**EXERCISE GOAL**: Everything from the line containing "ゴールド樹木★アンバー琥珀 マクラメネックレス715" through the final line below must be output exactly, both ends included, with nothing else and no pictures.

[Start of Attachment]

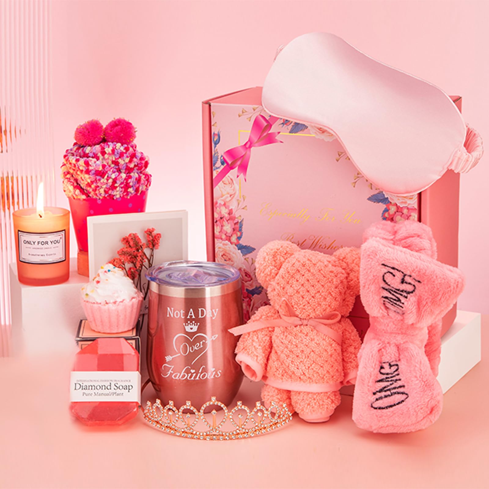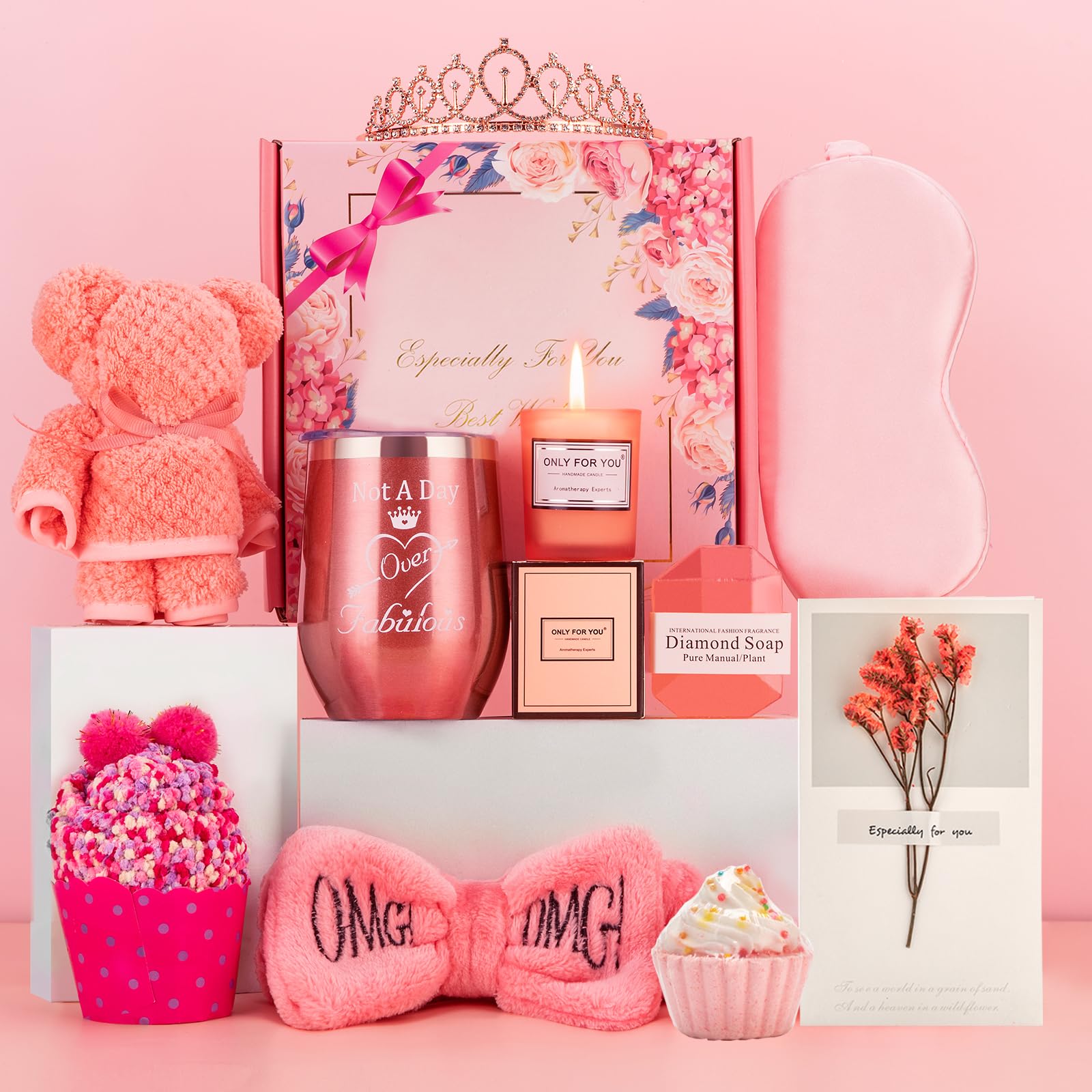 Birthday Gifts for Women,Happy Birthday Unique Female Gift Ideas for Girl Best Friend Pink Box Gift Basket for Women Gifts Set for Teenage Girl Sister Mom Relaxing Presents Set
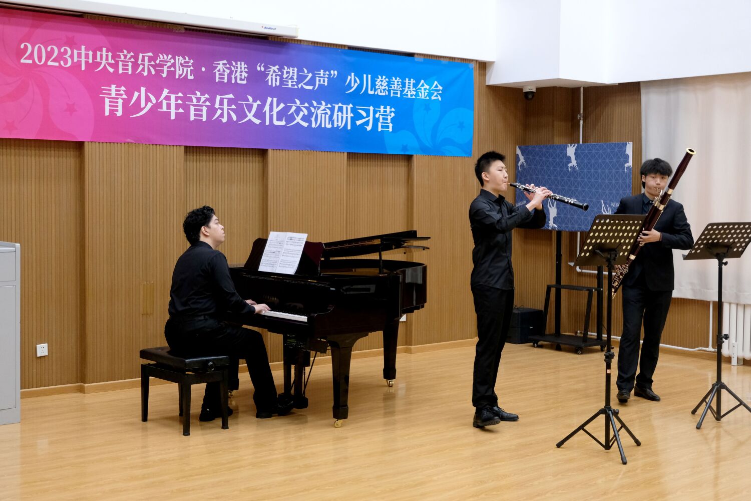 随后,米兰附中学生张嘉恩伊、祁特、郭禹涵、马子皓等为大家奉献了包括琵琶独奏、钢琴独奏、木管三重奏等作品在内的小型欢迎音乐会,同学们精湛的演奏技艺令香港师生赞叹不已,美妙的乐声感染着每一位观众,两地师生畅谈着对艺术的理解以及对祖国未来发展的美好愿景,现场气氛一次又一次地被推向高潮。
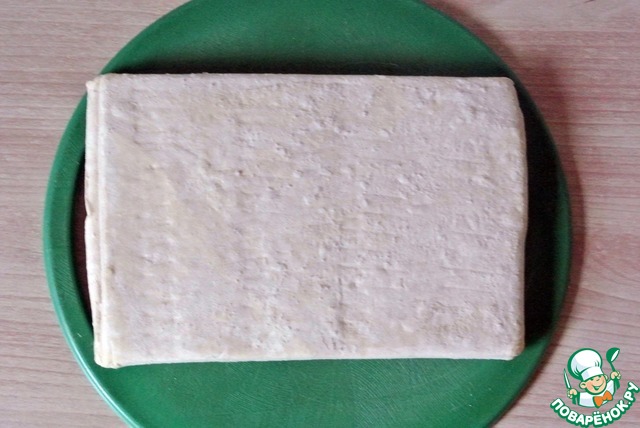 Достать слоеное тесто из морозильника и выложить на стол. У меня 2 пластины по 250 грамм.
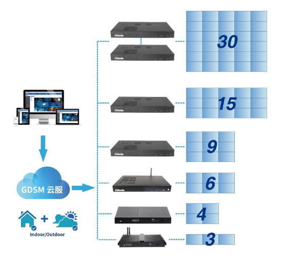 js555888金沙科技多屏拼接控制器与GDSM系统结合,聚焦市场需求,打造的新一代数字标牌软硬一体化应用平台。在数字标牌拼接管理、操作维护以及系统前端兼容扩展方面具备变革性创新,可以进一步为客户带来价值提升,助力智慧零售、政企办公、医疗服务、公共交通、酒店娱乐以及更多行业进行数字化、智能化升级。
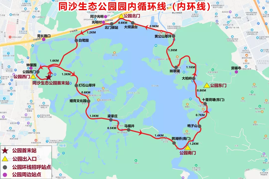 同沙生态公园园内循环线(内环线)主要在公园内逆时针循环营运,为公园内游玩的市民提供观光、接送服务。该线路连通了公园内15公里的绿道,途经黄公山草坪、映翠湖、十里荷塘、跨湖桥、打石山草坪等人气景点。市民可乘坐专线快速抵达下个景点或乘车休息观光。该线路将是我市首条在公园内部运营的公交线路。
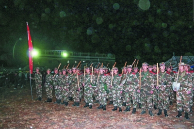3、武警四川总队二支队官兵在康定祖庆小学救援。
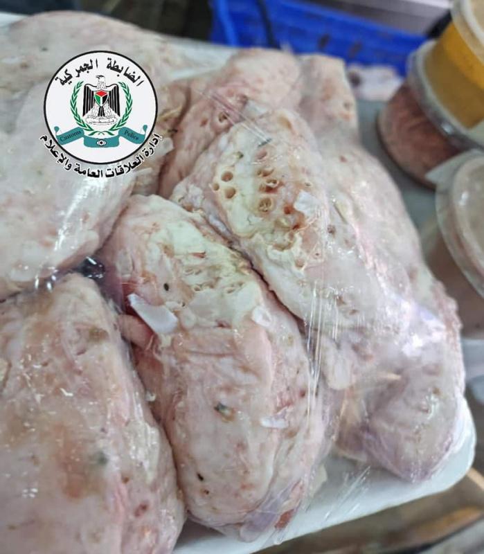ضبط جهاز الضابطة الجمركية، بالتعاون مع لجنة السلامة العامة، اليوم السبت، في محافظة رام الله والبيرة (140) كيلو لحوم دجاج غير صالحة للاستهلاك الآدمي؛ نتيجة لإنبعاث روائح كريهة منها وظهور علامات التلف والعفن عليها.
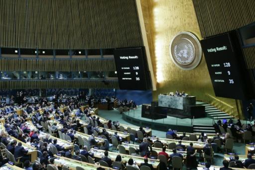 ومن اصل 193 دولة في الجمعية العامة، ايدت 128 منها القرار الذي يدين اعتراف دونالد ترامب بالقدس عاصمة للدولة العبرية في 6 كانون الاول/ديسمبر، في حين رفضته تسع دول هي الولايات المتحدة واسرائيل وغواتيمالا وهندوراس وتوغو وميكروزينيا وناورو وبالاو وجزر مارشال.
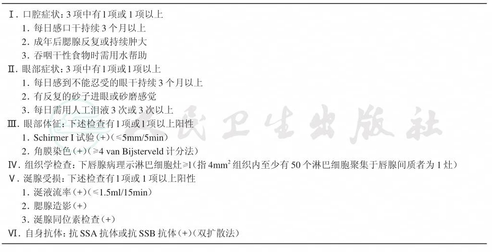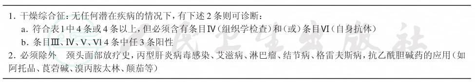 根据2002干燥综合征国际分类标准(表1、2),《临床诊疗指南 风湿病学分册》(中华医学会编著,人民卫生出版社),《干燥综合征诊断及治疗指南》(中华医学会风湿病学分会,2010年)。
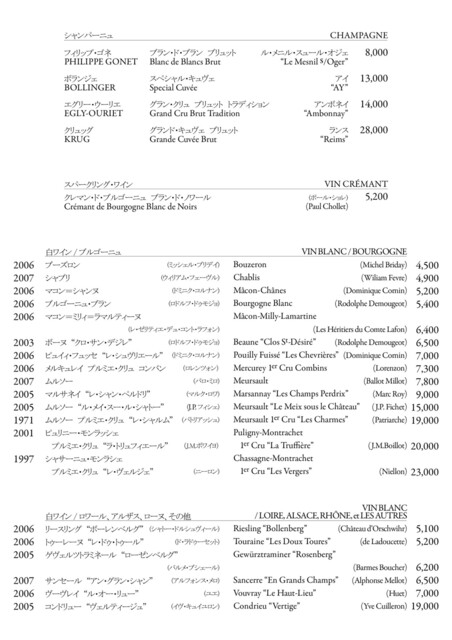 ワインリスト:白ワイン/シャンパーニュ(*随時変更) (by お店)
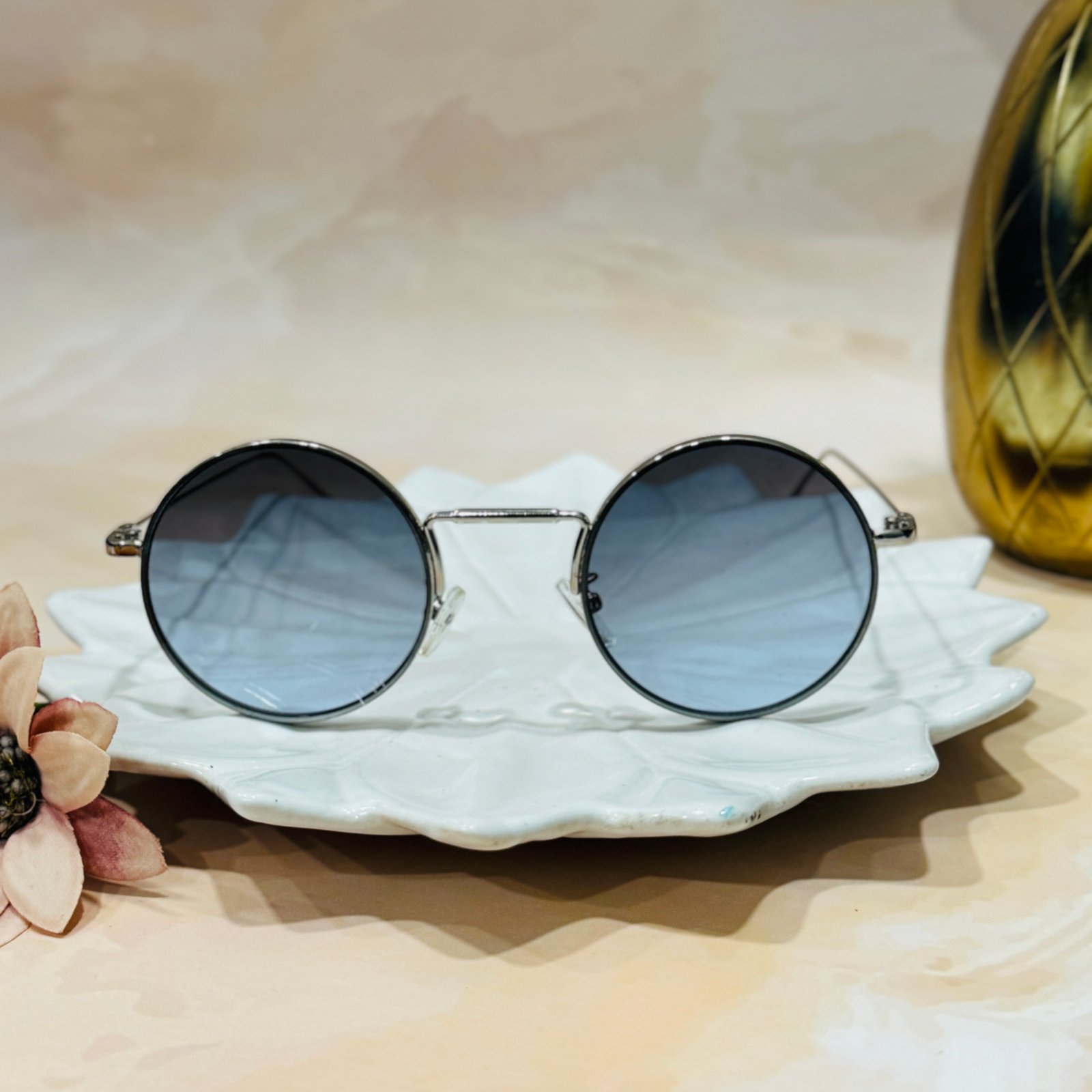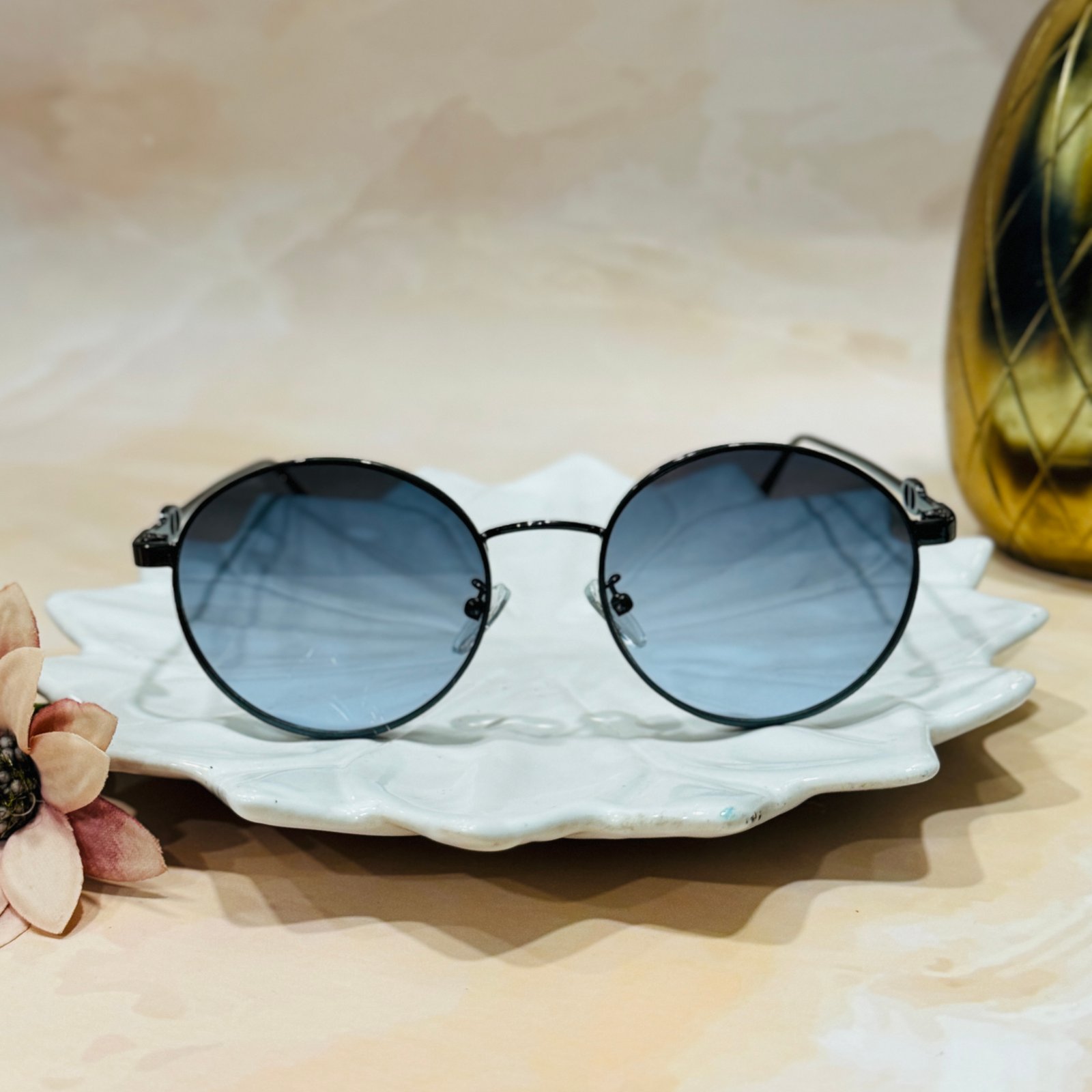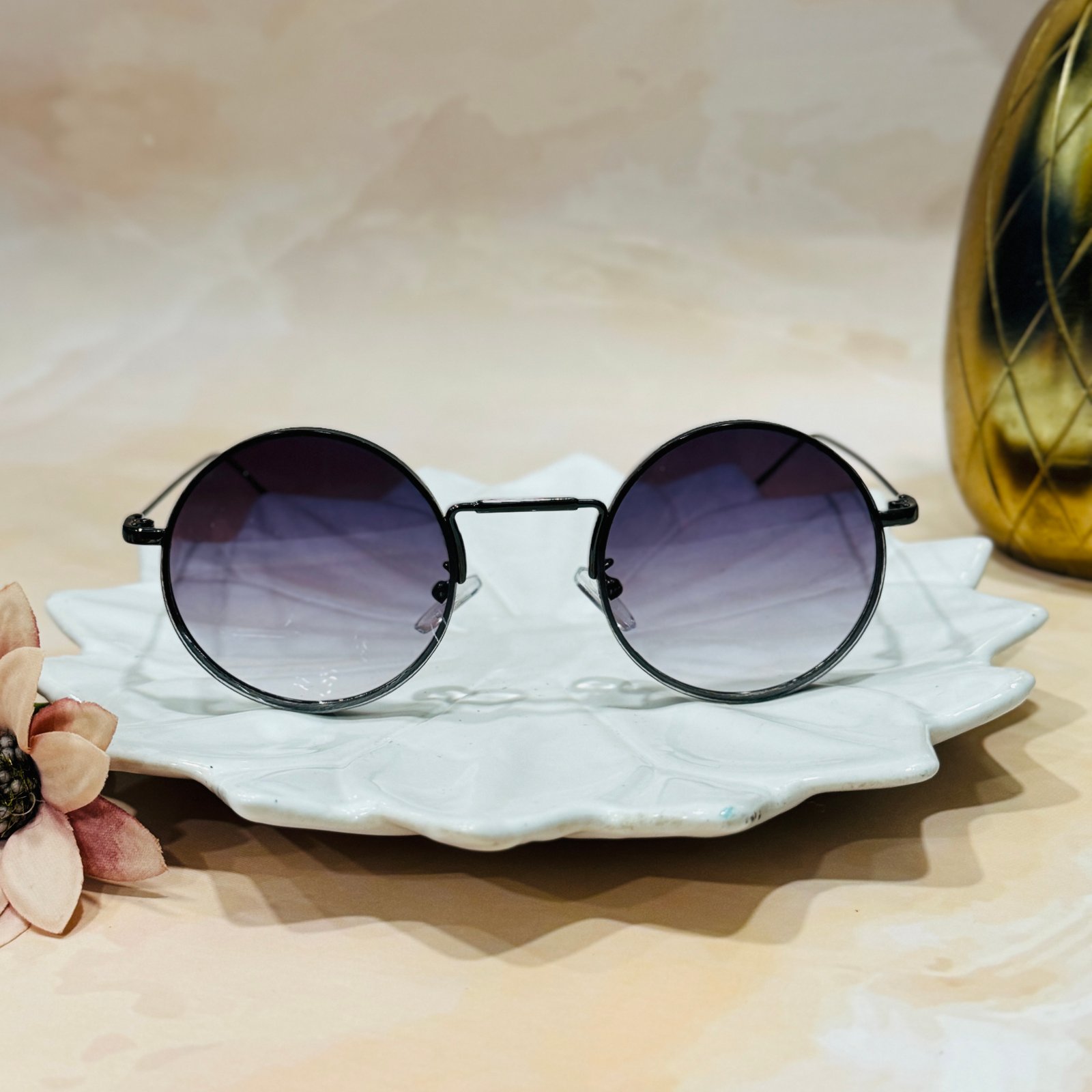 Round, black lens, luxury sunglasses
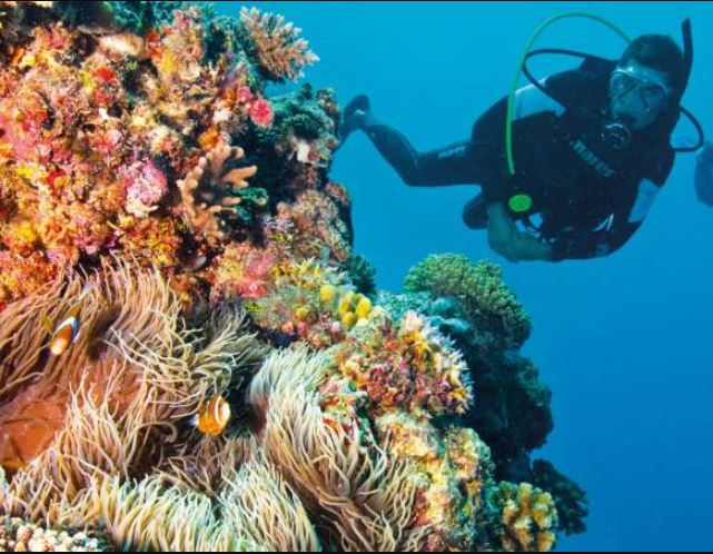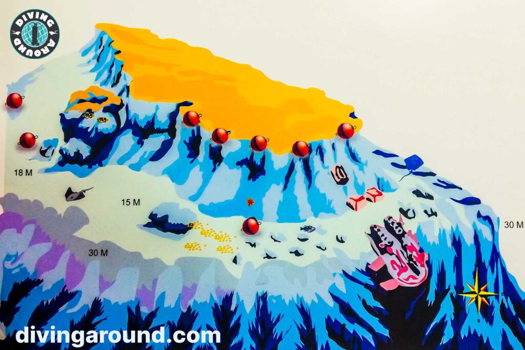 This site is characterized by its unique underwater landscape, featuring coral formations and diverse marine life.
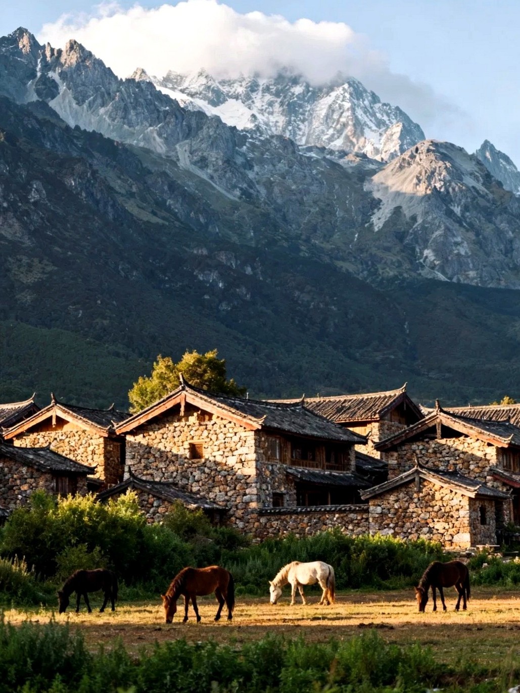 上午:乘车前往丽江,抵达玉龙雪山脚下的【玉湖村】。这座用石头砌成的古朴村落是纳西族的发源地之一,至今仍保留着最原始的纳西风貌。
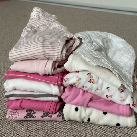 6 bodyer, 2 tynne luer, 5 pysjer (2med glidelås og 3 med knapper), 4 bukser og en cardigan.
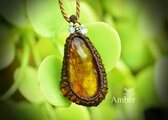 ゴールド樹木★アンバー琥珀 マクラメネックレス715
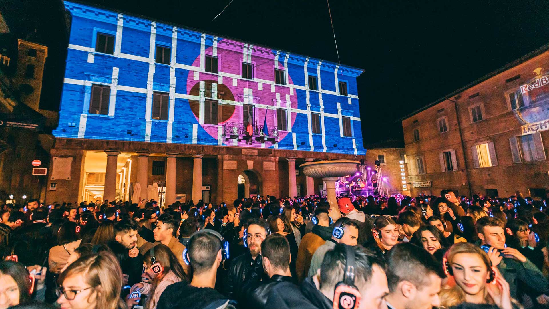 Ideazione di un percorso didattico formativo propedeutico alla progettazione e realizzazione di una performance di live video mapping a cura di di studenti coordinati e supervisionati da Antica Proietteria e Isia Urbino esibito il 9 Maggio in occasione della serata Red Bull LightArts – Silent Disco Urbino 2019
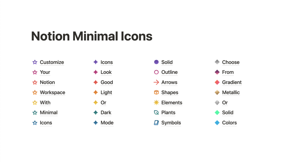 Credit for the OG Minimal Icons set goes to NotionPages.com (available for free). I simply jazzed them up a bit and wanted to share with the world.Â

[End of Attachment]

**SOLVED PROBLEM**:
 ゴールド樹木★アンバー琥珀 マクラメネックレス715
 Ideazione di un percorso didattico formativo propedeutico alla progettazione e realizzazione di una performance di live video mapping a cura di di studenti coordinati e supervisionati da Antica Proietteria e Isia Urbino esibito il 9 Maggio in occasione della serata Red Bull LightArts – Silent Disco Urbino 2019
 Credit for the OG Minimal Icons set goes to NotionPages.com (available for free). I simply jazzed them up a bit and wanted to share with the world.Â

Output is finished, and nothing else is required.